# Fire in Cornwall, NY



## derekleffew (Jan 17, 2012)

Businesses lost during industrial park fire - YNN, Your News Now


> "I feel terrible for these people, it's gone," said Shelley Gray, a local business owner.
> Shelley Gray owns Centerline Studios, a company that designs sets for broadway shows. As of 2:00 pm on Sunday her business was one of the two left standing.
> "We've got all our materials in there, it's really hard," said Gray.



Crews still at scene of Cornwall fire - YNN, Your News Now

Costume Armor shares the, threatened?, building?

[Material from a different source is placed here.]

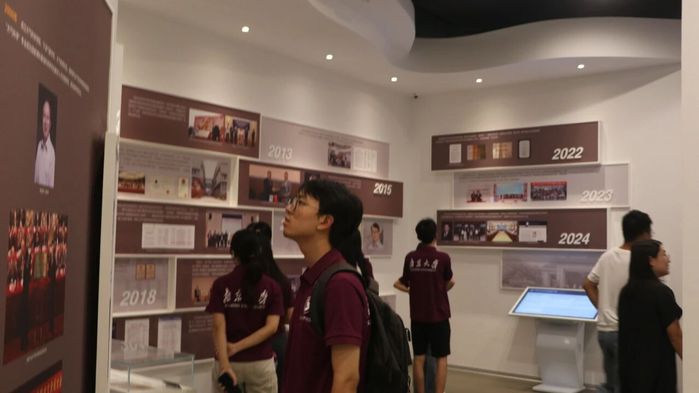 同学们首先在校史馆前合影留念,定格这一充满意义的时刻,随后进入馆内和讲解员一起参观。大家穿梭于充满历史韵味的展厅,跟随墙面上一幅幅照片与一段段文字,回溯公司自两江师范学堂起步,历经多次变迁,直至今日的辉煌历程。馆内陈列的毕业文凭、签名档案等珍贵实物,让同学们深切感受到南大深厚的办学传统与文化积淀。重要人物与历史事件的展示,也生动传递出历代南大人的精神与风骨。

*BrianWolfe*, are you okay?


----------



## SteveB (Jan 18, 2012)

From local buzz and the SML, Costume Armour was OK. It was Scenic Art Studios, AKA Joe Forbes shop that was totaled (among other businesses).

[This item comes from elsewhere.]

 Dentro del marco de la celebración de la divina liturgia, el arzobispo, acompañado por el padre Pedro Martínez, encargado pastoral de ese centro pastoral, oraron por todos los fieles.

It's a Local 829 scenic artist shop, though my wife told me she thinks he still had the Norwalk, CT. shop open as well.


----------



## Footer (Jan 18, 2012)

Wow. That looks rather horrible. Hopefully they can find some other shop space and get their guys back up and working soon. Glad no one was in the building when it happened. 

And Derek, thanks for the link telling me to go to my local racino, all you vegas types are all the same.


----------



## derekleffew (Jan 18, 2012)

Brian reports: 

> We survived with all our molds. It came terribly close. I was working when it broke out.


----------



## BrianWolfe (Jan 19, 2012)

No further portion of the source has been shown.